We have a student ambassador program and they are being trained in how to help students. Awareness is really important. We are launching a really major public health awareness campaign, but we also are serious about having sanctions for misbehavior, anything that goes from loss of access to campus buildings to deactivation of your net I.D. all the way up to suspension and expulsion. So we are going to do our best first by education and awareness and then as needed through the imposition of sanctions to have students behave well. If students don’t behave, they’ll leave. But I want to go back to that first point, A, we’re going to have a really strong virus testing program, so if there is misbehavior but the students are enrolled and we can have them in this virus testing program, catch them, test them early. And B, students are coming back no matter what.

IV: It hasn’t only been community concern, there has been internal pushback from faculty, staff, and students as well. What has the university done to address these concerns?

PP: It’s all about communication. We’ve been having weekly town halls with our faculty. We’ve been having town halls with our staff, as I say, also with the community. And I think there was, first of all, there was miscommunication about what the change had been. So we needed to explain what the change is. We needed to explain that we are actually strongly discouraging students from coming back if they come from those (states on the governor’s list). Basically, we’ve just tried to be as transparent and communicate as much as we possibly can.

IV: What is the tipping point? What would the university need to see happen in order for your administration to say, “that’s it.” and shut it down?

PP: We are working on a formal scientific set of criteria for that. Basically, if we believe that we were losing epidemiological control, that is –– we could no longer control the number of infections –– that would be the tipping point. And just as we have done all along, we are relying on the science to formalize that. But I should say that we are also relying on the science not just to develop a sort of trigger point for shut down, but instead, let me call them escalation points. Points where we would do the sorts of things I said earlier –– step up the number of tests, maybe lower the size of classes that were online, maybe crack down further on behavior, have even smaller number limits on gathering’s and so on. We’re going to have escalation points leading up to a tipping point.

IV: What metrics are you paying attention to nationally in advance of the semester? 

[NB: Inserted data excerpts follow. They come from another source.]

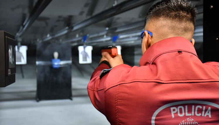 Lee Mas "La Ciudad mostró este viernes cómo se están capacitando los policías con las nuevas armas de letalidad reducida, llamadas BYRNA,…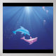 A vibrant digital photo of two dolphins having fun in the ocean with jelly fish slinking in the background. A colourful photo for any child's room, dolphin lover and everyone else who likes what they see :).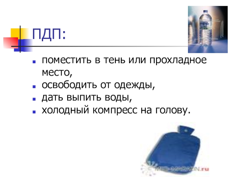 ПДП:поместить в тень или прохладное место, освободить от одежды, дать выпить воды, холодный компресс на голову.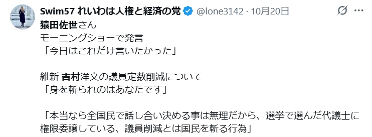 特に、大阪維新の吉村代表による議員数の削減案に対しての発言が注目されています。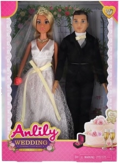 This ANLILY wedding doll set brings romance and style to children's play. The bride shines in a white lace dress with a veil and tiara, and the groom is ready in an elegant black tuxedo with a white shirt and bow tie. Thanks to the durable plastic construction, the dolls are perfect for everyday play.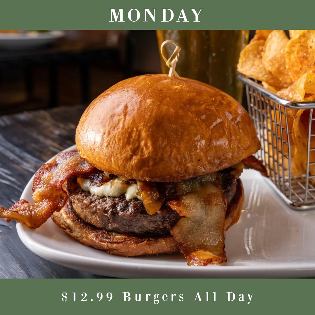 Enjoy your choice of any burger on our menu for only $12.99 (additional mods extra)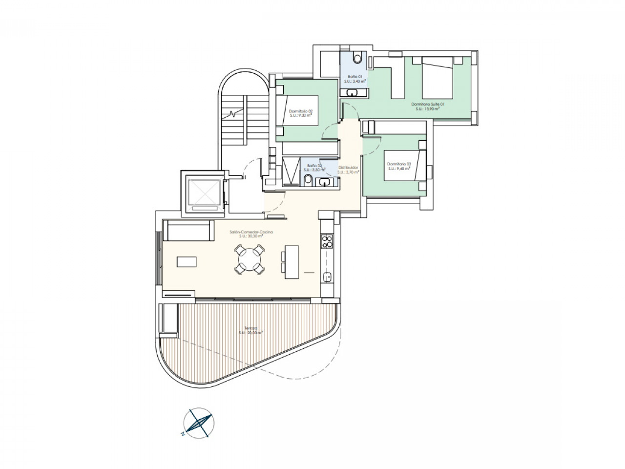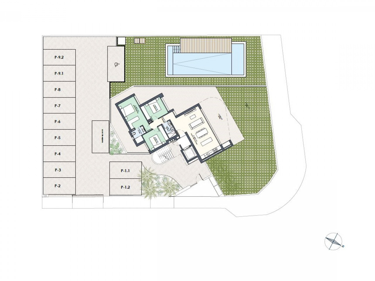 Het gebouw bestaat uit slechts 9 exclusieve woningen, één per verdieping, waardoor privacy, rust en comfort gegarandeerd zijn. Elk appartement heeft 3 slaapkamers en 2 badkamers, evenals ruime buitenruimtes, appartement op de begane grond met 120 m² privétuin, middelste verdiepingen met ruime terrassen en penthouse met terras en 78 m² privésolarium.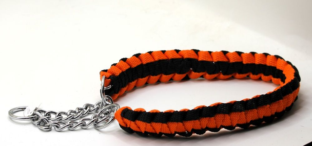 Collier martingale chainette, tressage cobra sur gourmette métallique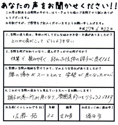腰の痛みがスーととれて、姿勢が良くなったかんじ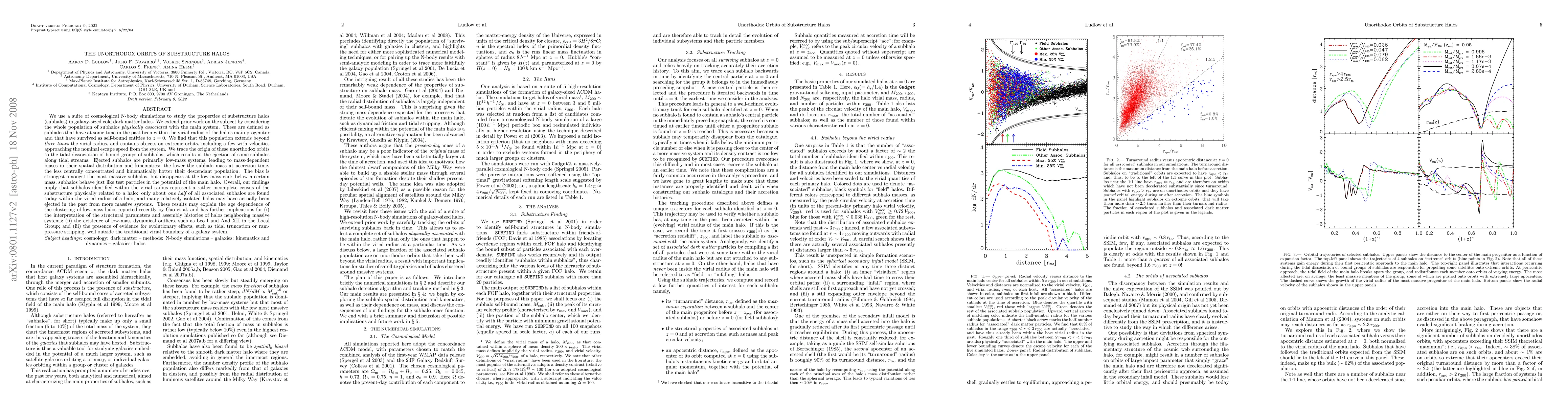 (Abridged) We use cosmological N-body simulations to study the properties of substructure halos in galaxy-sized dark matter halos. We extend prior work on the subject by considering the whole population of subhalos physically associated with the main system. These are defined as subhalos that have at some time in the past been within the virial radius of the halo's main progenitor and that have survived as self-bound entities to $z=0$. We find that this population extends beyond {\it three times} the virial radius, and contains objects on extreme orbits. We trace the origin of these unorthodox orbits to the tidal dissociation of bound groups of subhalos, which results in the ejection of some subhalos along tidal streams. Ejected subhalos are primarily low-mass systems, leading to mass-dependent biases in their spatial distribution and kinematics: the lower the subhalo mass at accretion time, the less centrally concentrated and kinematically hotter their descendant population. The bias is strongest amongst the most massive subhalos, but disappears at the low-mass end. Our findings imply that subhalos identified within the virial radius represent an incomplete census of the substructure physically related to a halo: only about {\it one half} of all associated subhalos are found today within the virial radius of a halo. These results may explain the age dependence of the clustering of low-mass halos, and has implications for (i) the interpretation of the structural parameters and assembly histories of halos neighboring massive systems; (ii) the existence of low-mass dynamical outliers in the Local Group; and (iii) the presence of evidence for evolutionary effects well outside the traditional virial boundary of a galaxy system.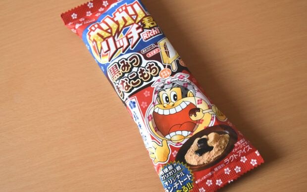 餅菓子、黒みつソース、きなこアイスがきなこアイスキャンディーで包み込まれています。餅菓子もきなこアイスも黒みつソースも全部おいしい! ……けど、これってガリガリ君と同じ味なのでは?? 食べ比べれば微妙な違いは感じられるものの、言われなければわからないレベルです。

PP: Absolutely. All the modeling we’ve done, we’ve been updating throughout the summer, as national statistics have changed. I’ll give you a very clear example which may be helpful –– by conforming to our original plan, of students being tested once a week: we’ve decided that it’s much safer to have them tested twice a week.

IV: At the tail end of the spring semester, as it became clear that the virus was going to be a problem locally, we saw an alarming rise in complaints of racist and menacing behavior, not necessarily towards Cornell students, but towards Asian people generally — I think it would be safe to guess that people locally are even more on edge than they were in March or April. What steps is the university taking to put the minds of locals at ease and to help avoid this sort of adversarial relationship between residents and students?

PP: Having an environment that is inclusive and welcoming and appropriately diverse has always been one of my priorities since I started as president. With the killing of George Floyd, of course, the focus has been on the experiences of Black students. But that doesn’t mean that we’ve turned away from the experiences of and the attitudes towards all of our students. And I think it’s just part of the broader Cornell ethos to address these issues head-on and tackle them head-on. We have a number of staff who work in student life and elsewhere whose focus this is. I have on my senior leadership team, someone who focuses on this. And it will continue to be central to everything we do.